Alex Kuang, black police officer faces the charges of aiding and abetting in Floyd’s death. Fanon outlines the dilemma of a black, ‘the black man has two dimensions, one with his fellows, the other with the white man…. That this self division is direct result of colonialist subjugation is beyond question….’ This is direct result of slavery. This is direct result of white supermacism. ‘Negro (read black) is a stage in the slow evolution of monkey into man….black soul is white man’s artifact’.
A black becomes ‘insolent’ when he resists and protests. When a black talks of Marx, Fanon wrote, “the first reaction is always the same: we have brought you up to our level and now you turn against your benefactors. Ingrates! Obviously nothing can be expected of you…. He had had the impudence to read Engels….’. The ‘impudence of black has forced resignation of some editorial staff of New York Times and the narrative of ‘Cancel out Culture’ has been pushed into dissemination.
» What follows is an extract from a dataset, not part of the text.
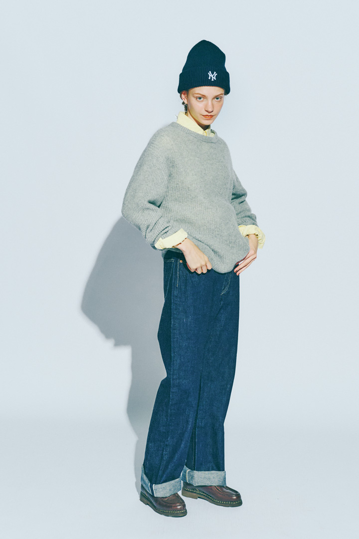 ゆったりとしたシルエット、かつ脚を長く見せてくれるハイウエストが魅力的な《フルカウント》の「モンロー」。ヴィンテージライクなウォッシュド加工の表情に合わせて、セーターとシャツもレトロなカラーリングで。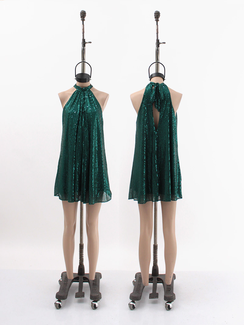 No dejes pasar la oportunidad de brillar en tu próxima salida. ¡El Vestido Corto Lentejuela Collar es el complemento perfecto para tu guardarropa!

The police officers did not relent when George Floyd pleaded that he was claustrophobic. He could not throw off what Fanon calls ‘corporeal malediction’. The humanity of the black is either declined or decreased:
Those who invented neither gun powder nor the compass.
Those who never learned to conquer steam or electricity.
Those who never explored the seas and skies.
But they know the farthest corners of the land of anguish.
Those who never knew any journey save that of abduction.
Those who learned to kneel in docility.
Those who were domesticated and Christianized.
Those who were injected with bastardy
(Claude Norday)
Urdu has been reduced to a language of a community and vector of its religion and culture. Shunned in its own place of origin and ancestry, Urdu has puissant tradition of bohemianism and heterodoxy. Ralph Russel, proclaimed as easily the best Urdu scholar in the west picked up the language from south Indians as a conscript in second world war fighting in the north east India. The progressive writers of Urdu created a shining trove of anti racist anthems. The poems of Faiz Ahmad Faiz have been translated into Swahili. Ali Sardar Jafri, a familiar face of Progressive Writers Association expressed his solidarity with a black:
Habshi mera bhai
Jungle jengal phool chuney
Bhai ke paaoon laal gulab
The African – (American) my brother
Picks flowers in the forest after forest
My brother whose feet are red
Red as roses
(Translation Ali Hussain Mir and Raza Mir)
‘The couplet’, write Ali Hussain Mir and Raza Mir in the Anthems of Resistance ‘Jangal jangal phool chuney Bhai ke paaoon laal gulab’ is from a folk song expressing deep fraternal fondness.
Jafri felicitated Paul Robeson, an African–American stage and film actor known for his political activism:
Krishna ka geet hai, Gokhul ki haseen sham hai tu.
Aa kaleje se lagaalen ke siyaah-faam hai tu.
You are Krishna’s song, You are Gokhul’s beautiful evening.
Come let us embrace, for you too, like me are dark skinned.
(Translation Ali Hussain Mir and Raza Mir)
Urdu poets, expressly left-leaning, created paeans to black hero Martin Luther King. Makhdoom Mohiyuddin, Urdu poet from Hyderabad (Deccan) deeply mourned his assassination in 1968:
Yeh qatl kisi ek aadmi ka nahin,
Yeh qatl haq ka masavaat ka, sharaafat ka,
Yeh qatl ilm ka, hikmat ka, aadmiyat ka,
Yeh qatl hilm-o-muravat ka, khaaksari ka.
This is not just murder of one man.
This is the murder of truth, of equality, of nobility.
This is the murder of knowledge, of wisdom, of humanity.
This is the murder of clemency, of chivalry, of humility.